I'm no expert in ceph and couldn't figure out what is the issue. I read that problem might be that i have 1Gb NIC for public ceph network that is also used by proxmox.

Is this assumption correct? Should I have seperate 10Gb NIC for ceph public network? Does it have to be separate from ceph cluster network or can it be the same NIC?

Below Ceph config

Code:
[global]
    auth_client_required = cephx
    auth_cluster_required = cephx
    auth_service_required = cephx
    cluster_network = 10.99.99.10/27
    fsid = 6eb06b21-c9f2-4527-8675-5dc65872dde9
    mon_allow_pool_delete = true
    mon_host = 10.0.5.10 10.0.5.11 10.0.5.12
    ms_bind_ipv4 = true
    ms_bind_ipv6 = false
    osd_pool_default_min_size = 2
    osd_pool_default_size = 3
    public_network = 10.0.5.10/27

[client]
    keyring = /etc/pve/priv/$cluster.$name.keyring

[client.crash]
    keyring = /etc/pve/ceph/$cluster.$name.keyring

[mon.g-srv-01]
    public_addr = 10.0.5.10

[mon.g-srv-02]
    public_addr = 10.0.5.11

[mon.g-srv-03]
    public_addr = 10.0.5.12
 
Ceph Public is the network used to read/write from/to your Ceph OSDs from each PVE host, so your are limited to 1GB/s.
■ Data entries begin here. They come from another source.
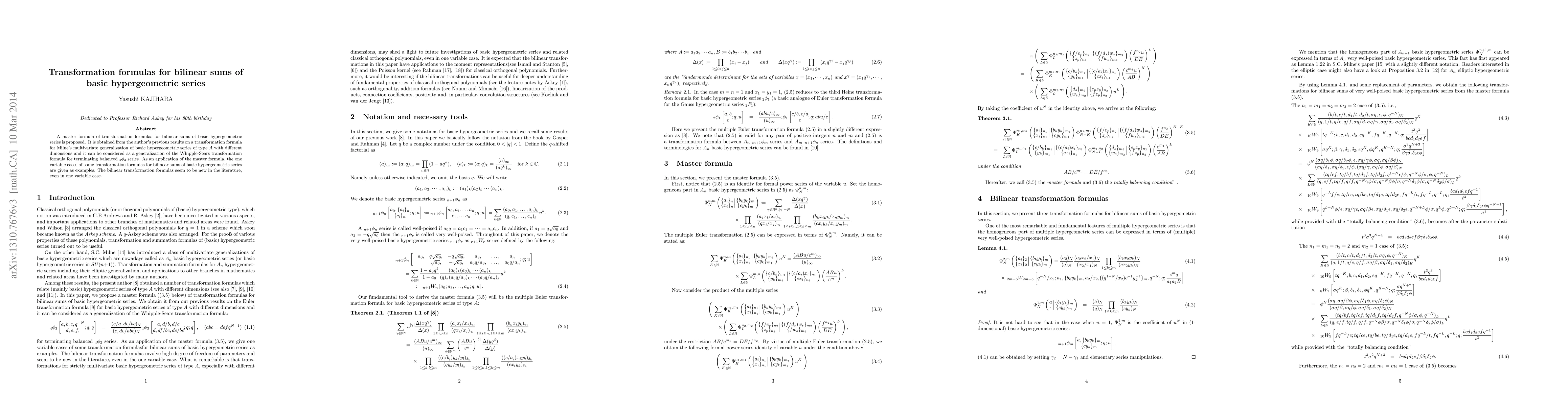 This paper proposes a master formula for transformation of bilinear sums of basic hypergeometric series, extending previous results on Milne's multivariate generalization. It also provides new one-variable cases of transformation formulas for these sums, which appear to be novel in the literature.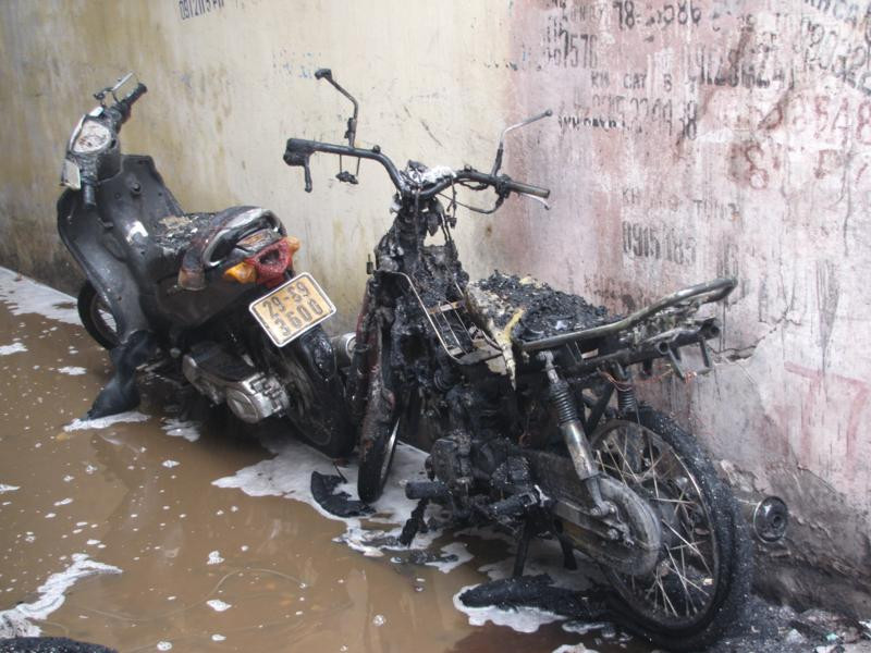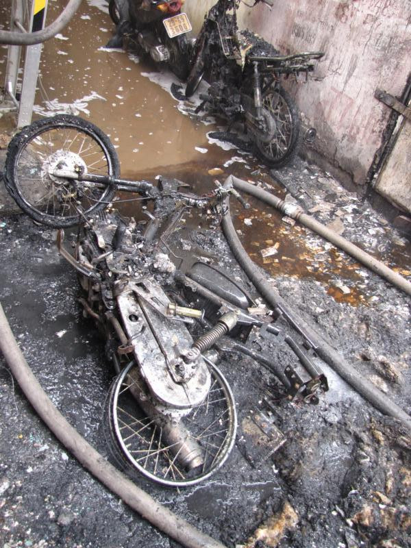 Theo quan sát tại hiện trường, toàn bộ hệ thống siêu thị BiboMart bốn tầng bị thiêu rụi. Ba xe máy để dưới siêu thị bị thiêu cháy.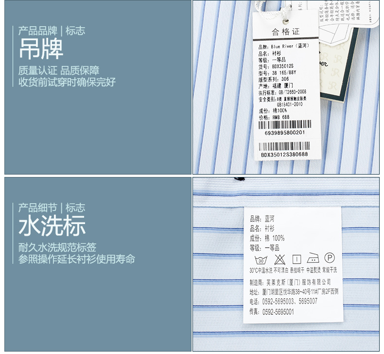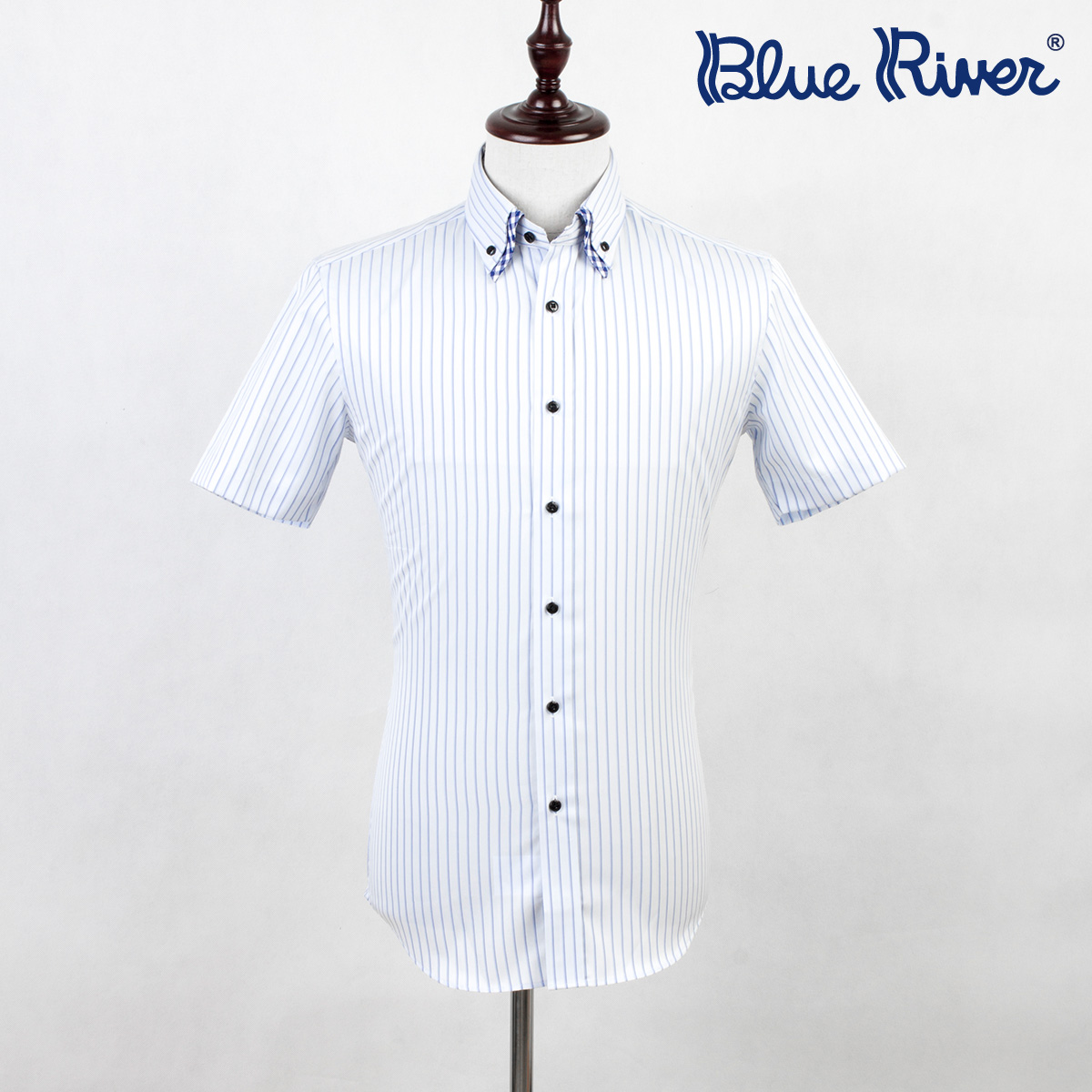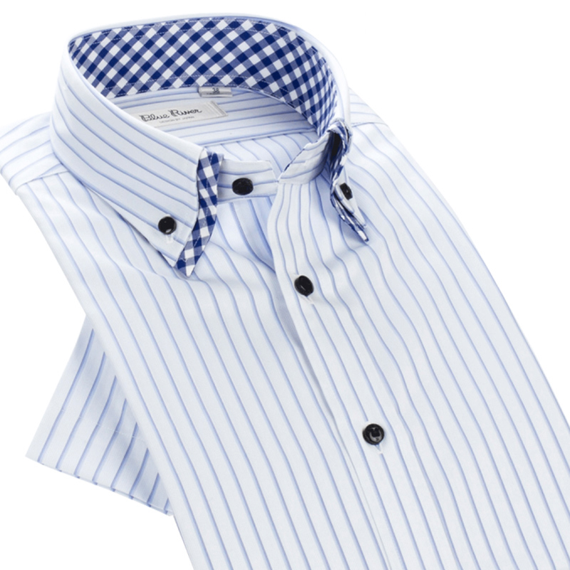 / 藍河夏季條紋男士襯衫男短袖襯衣半袖寸純棉商務休閑修身韓版潮流

Ceph Cluster network is used for OSD replication traffic only. Move Ceph Public to your 10GB nic and there should be an improvement. You can share the same nic for both Ceph Public and Ceph Cluster.
 
  • Like
Reactions: Heracleos and aaron
1 x 1Gb NIC for Ceph public network (the same network as proxmox itself)
Move that to a fast network too! Otherwise your guests will be limited by that 1 Gbit. see https://docs.ceph.com/en/latest/rados/configuration/network-config-ref/ for which ceph network is used for what.
Checkout our 2023 Ceph benchmark whitepaper (in the sticky threads). A 10 Gbit network will quickly become the bottleneck if you use fast datacenter NVMEs.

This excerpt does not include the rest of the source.